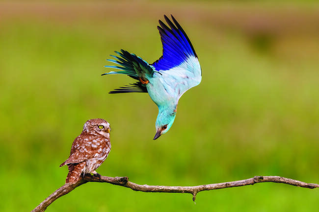 A kuvik és a szalakóta nagyon különböző madarak, de mivel odú- és táplálékigényük is nagyon hasonló, konkurenciát jelenthetnek egymásnak. A baglyot nem különösebben zavarná színesebb társbérlőjének közelsége, a szalakóta hímje viszont nem bír a hormonjaival és a revírfoglalás rövid időszakában sportot űz mások idegesítéséből. Lesből, teljes sebességgel repülve, hátuk mögül próbálja meglepni a területre tévedő madarakat, bármekkorák is legyenek azok. A fotó a saját építésű lesemből készült.
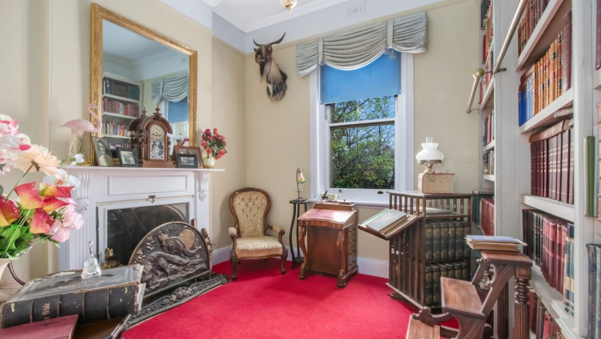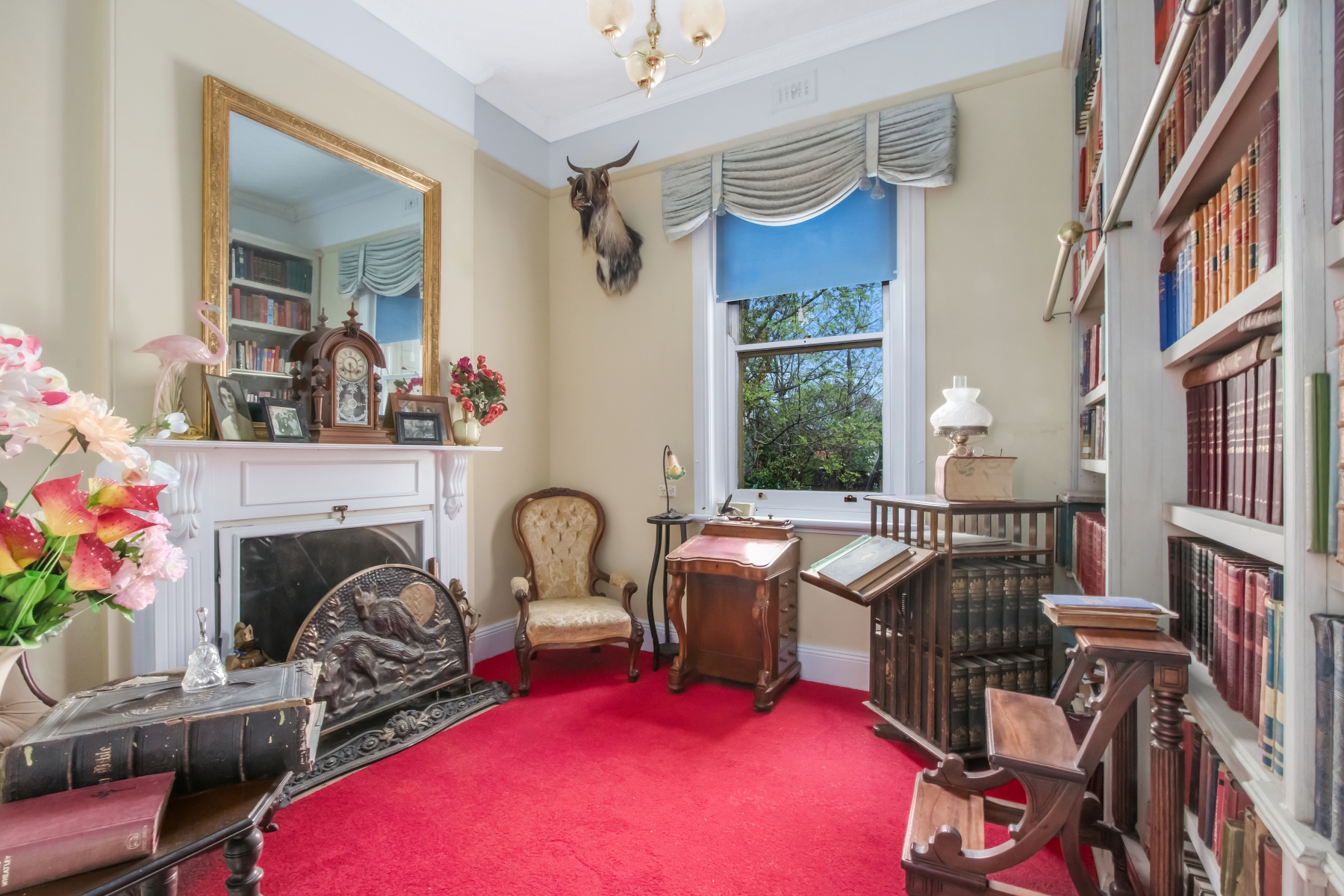 Library with open fire and pressed metal ceilings, floor to ceiling bookcase
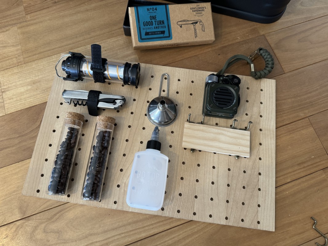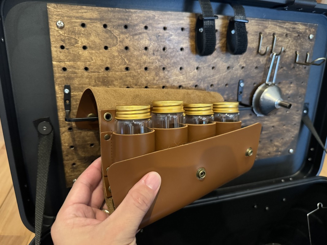 ここはアルミコンテナをカスタマイズする上で一番楽しい時間かもしれない、アイテムをどこにどう配置して、何で固定するのかを決める。 写真ではとりあえず試しに買ってみた100均の試験管にコーヒー豆を入れて使用しているが、後々変わってくる。
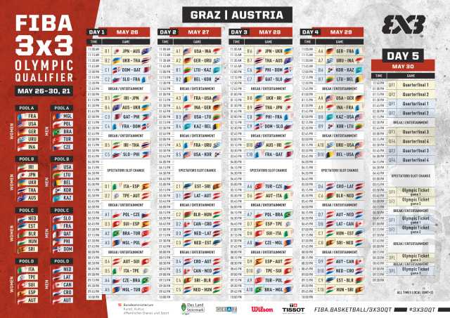 GRAZ (Austria) - From Australia-Japan women to the six "Olympic Ticket" games, FIBA announced the schedule of the 94 matches, which will be played at the FIBA 3x3 Olympic Qualifying Tournament in Graz, Austria on May 26-30, 2021.
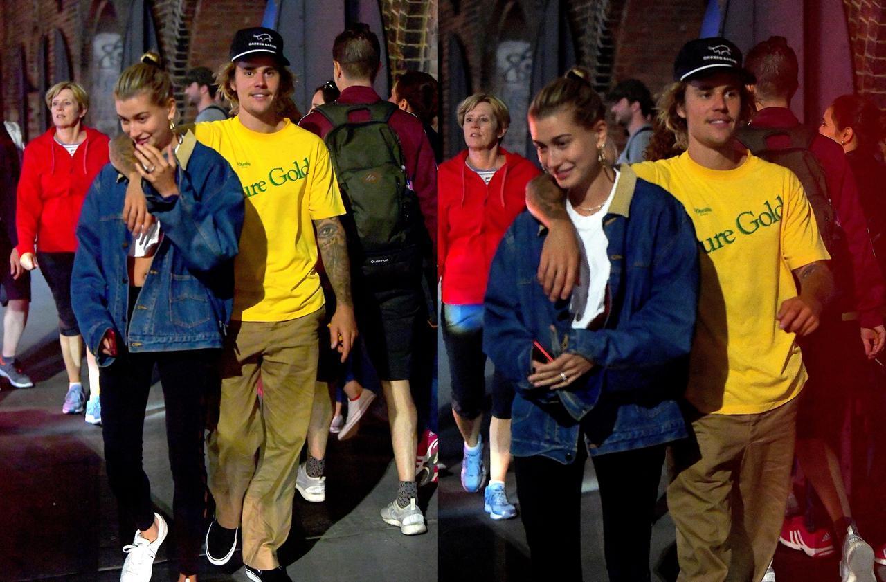 公の場でも堂々と手をつなぐジャスティンとヘイリー。人混みでキスも。

**EXERCISE INSTRUCTIONS**
Write the data out again exactly, but without its images.

**EXERCISE RESPONSE**
 A kuvik és a szalakóta nagyon különböző madarak, de mivel odú- és táplálékigényük is nagyon hasonló, konkurenciát jelenthetnek egymásnak. A baglyot nem különösebben zavarná színesebb társbérlőjének közelsége, a szalakóta hímje viszont nem bír a hormonjaival és a revírfoglalás rövid időszakában sportot űz mások idegesítéséből. Lesből, teljes sebességgel repülve, hátuk mögül próbálja meglepni a területre tévedő madarakat, bármekkorák is legyenek azok. A fotó a saját építésű lesemből készült.
 Library with open fire and pressed metal ceilings, floor to ceiling bookcase
 ここはアルミコンテナをカスタマイズする上で一番楽しい時間かもしれない、アイテムをどこにどう配置して、何で固定するのかを決める。 写真ではとりあえず試しに買ってみた100均の試験管にコーヒー豆を入れて使用しているが、後々変わってくる。
 GRAZ (Austria) - From Australia-Japan women to the six "Olympic Ticket" games, FIBA announced the schedule of the 94 matches, which will be played at the FIBA 3x3 Olympic Qualifying Tournament in Graz, Austria on May 26-30, 2021.
 公の場でも堂々と手をつなぐジャスティンとヘイリー。人混みでキスも。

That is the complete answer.